If we take the second derivative of each side, we get:

 

                   R’’  =  (m₁r₁’’ + m₂r₂’’) / (m₁ + m₂),  or

 

MR’’  =  (m₁r₁’’ + m₂r₂’’)  ,

 

where M = m₁ + m₂ .

 

We will now define the relative coordinate, r, as:     r  =  r₁ – r₂ .

 

To see how these coordinates are useful, we start with Newton’s Second Law applied to each particle:

 

                   F₁^int + F₁^ext   =   m₁r₁’’ 

 

                   F₂^int + F₂^ext   =   m₂r₂’’ 

 

where F₁^int is the internal force on particle 1 due to particle 2, and F₁^ext is the sum of all external forces on 1 (not including the force from particle 2).

 

If we now add the two equations of motion above, we get:

 

                   F₁^int + F₁^ext + F₂^int + F₂^ext   =   m₁r₁’’ + m₂r₂’’ .

 

We now note that Newton’s Third Law of Motion says that F₁^int  =  - F₂^int , and we recall that (m₁r₁’’ + m₂r₂’’)  =  MR’’.  This simplifies the above equation to become:

 

                    F₁^ext + F₂^ext   =   MR’’ .                    ***

 

This says that the external forces cause the center of mass to accelerate, but that the internal forces do not. 

 

To get an equation for the relative coordinate, r, we need to multiply the equation of motion for m₁ by m₂, and multiply the equation of motion for m₂ by m₁.  We can then subtract the two equations to get:

 

          m₂F₁^int + m₂F₁^ext – m₁F₂^int - m₁F₂^ext    =    m₁m₂r₁’’  - m₁m₂r₂’’ .

 

We again use Newton’s Third Law, F₁^int  =  - F₂^int , and if we can assume that m₂F₁^ext ≈  m₁F₂^ext , then we get:

 

                   (m₁ + m₂) F₁^int    =   m₁m₂ (r₁’’ – r₂’’)   =   m₁m₂r’’ .

 

If we further define a quantity we will call the reduced mass, m, as:  μ = m₁m₂/(m₁+m₂) ,  we get:

 

                   F₁^int   =  μr’’ .                                              ***

 

This indicates that the motion of particle 1 as seen from particle 2 (that is what the vector, r, indicates) is the same as if particle 2 were stationary and particle 1 had the reduced mass, μ, instead of its regular mass, m₁.  This is just a single particle equation of motion, and we can apply all the techniques we learned in parts 1 and 2 to this type of problem.

 

Please remember that to obtain the above equation we had to assume that   m₂F₁^ext ≈  m₁F₂^ext . 

 

If we are able to solve the problem using the Rr system, we should be able to go back to the inertial system, r₁ and r₂, to get a solution in this system. 

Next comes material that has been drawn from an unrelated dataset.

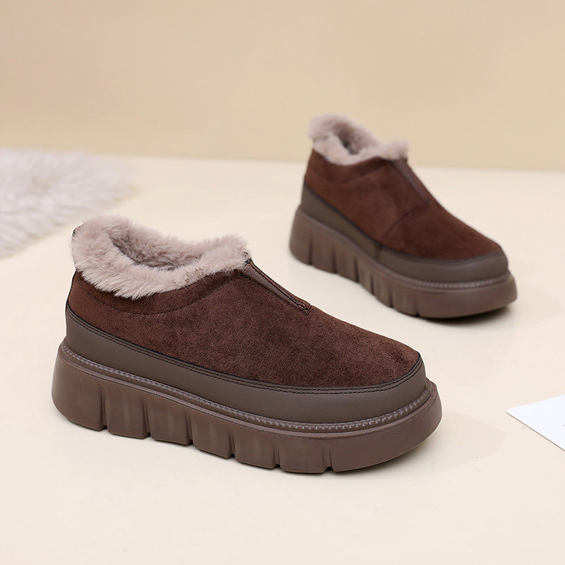 冬季老北京棉鞋女加绒保暖毛毛鞋加厚防滑豆豆鞋平底休闲妈妈棉靴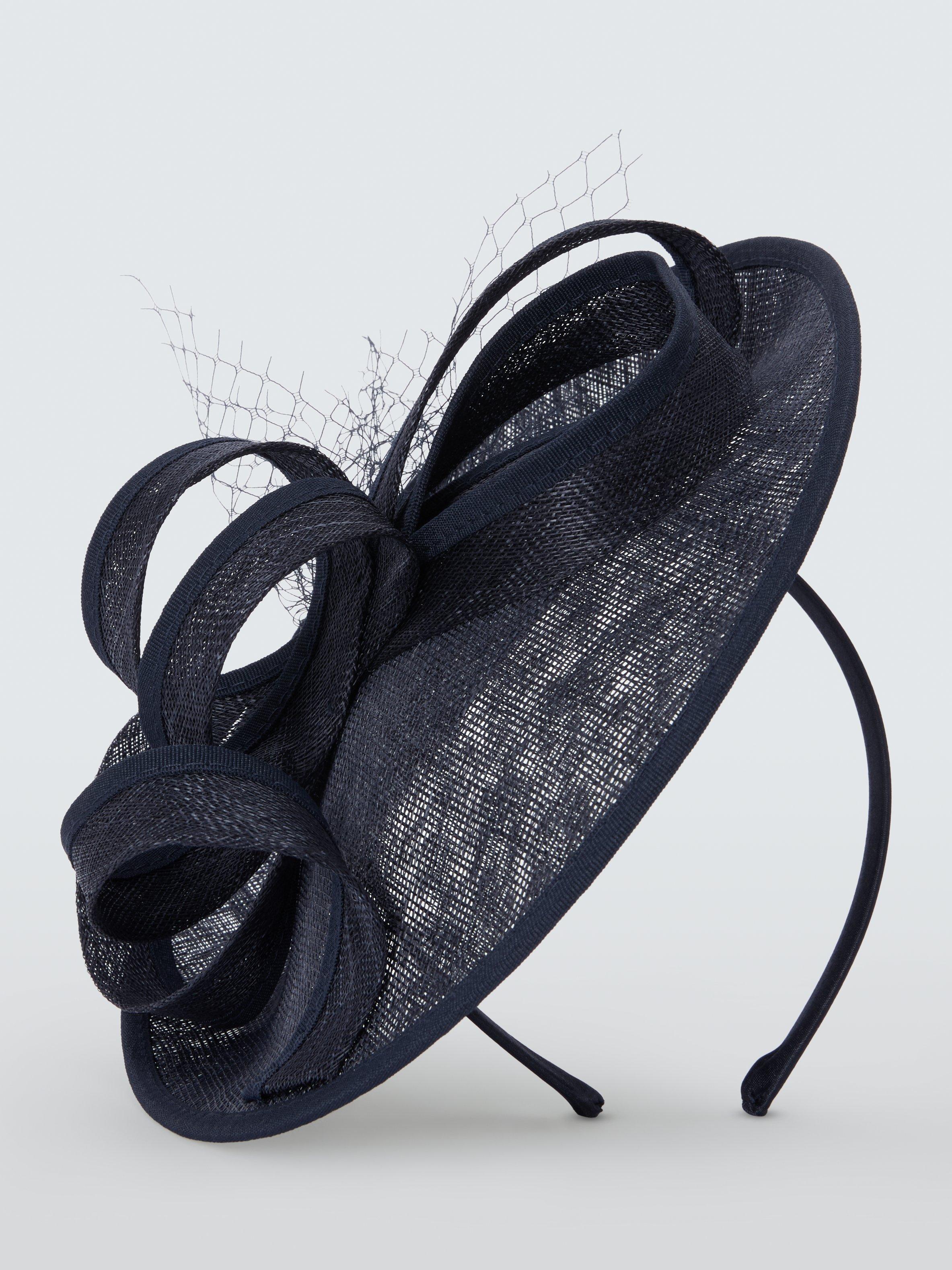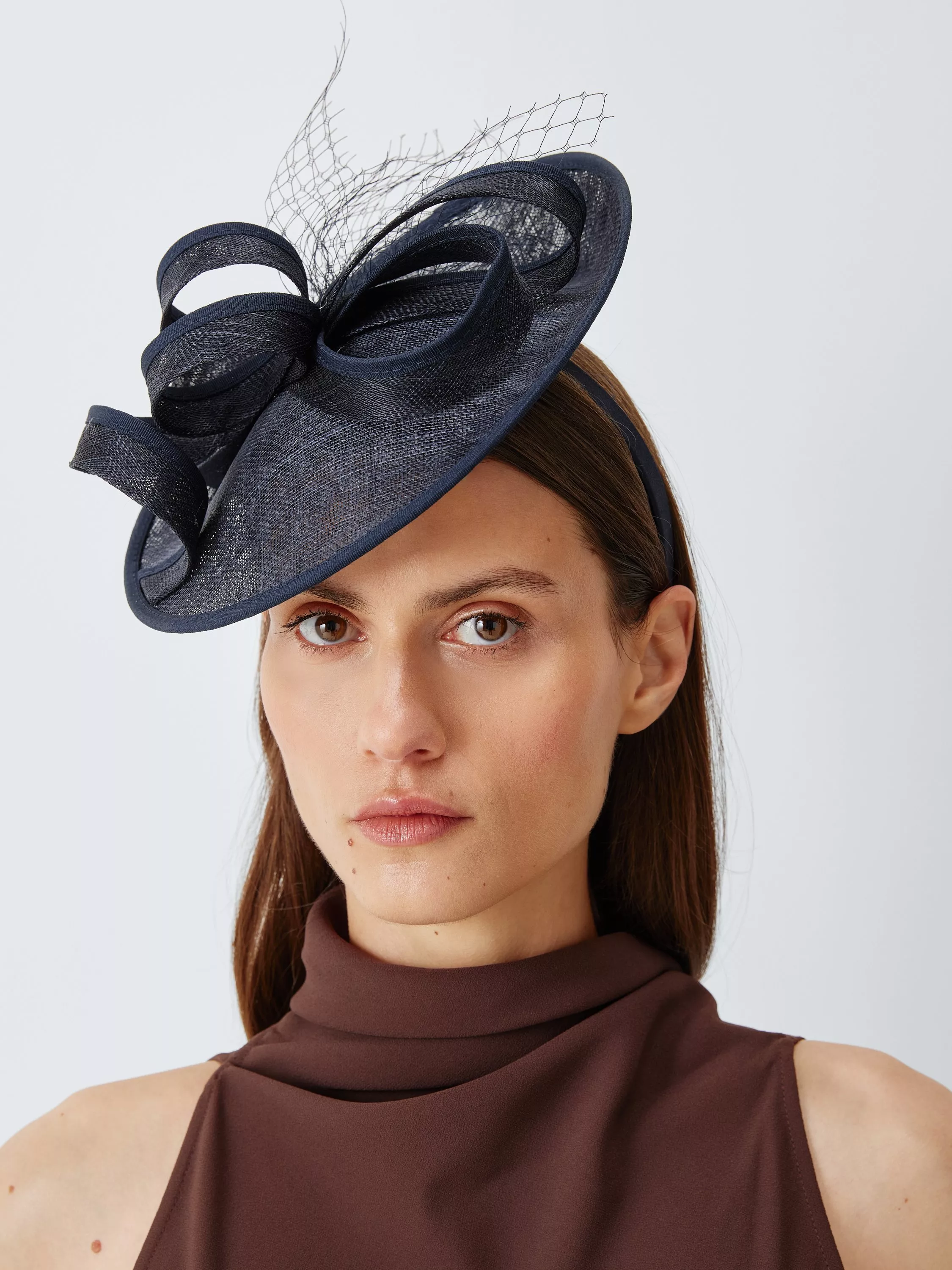 A small disc fascinator with ribbon and mesh elements. Made from durable and flexible abaca.

To do this, we need to develop the inverse transformation equations.  We start with our definitions of R and r: 

         

          R  =  (m₁r₁ + m₂r₂) / (m₁ + m₂)      and       r  =  r₁ – r₂ .

 

Knowing R and r, we have two equations for our two unknowns: r₁ and r₂ . 

 

Start with     r₂ = r₁ – r,    and use this in the R equation to get:

 

R   =   {m₁r₁ + m₂(r₁ – r)}/(m₁+m₂)   =   r₁ – m₂r/(m₁+m₂),

or

                   r₁   =   R + m₂r/(m₁+m₂),      or        r₁  =  R + (μ/m₁)r,  

 

In a similar way, we get

 

                   r₂   =   R – m₁r/(m₁+m₂),    or      r₂   =   R – (μ/m₂)r .  

 

You should now be able to do Homework #26 (see below) which asks how KE, L, and p look when expressed in the Rr coordinates. 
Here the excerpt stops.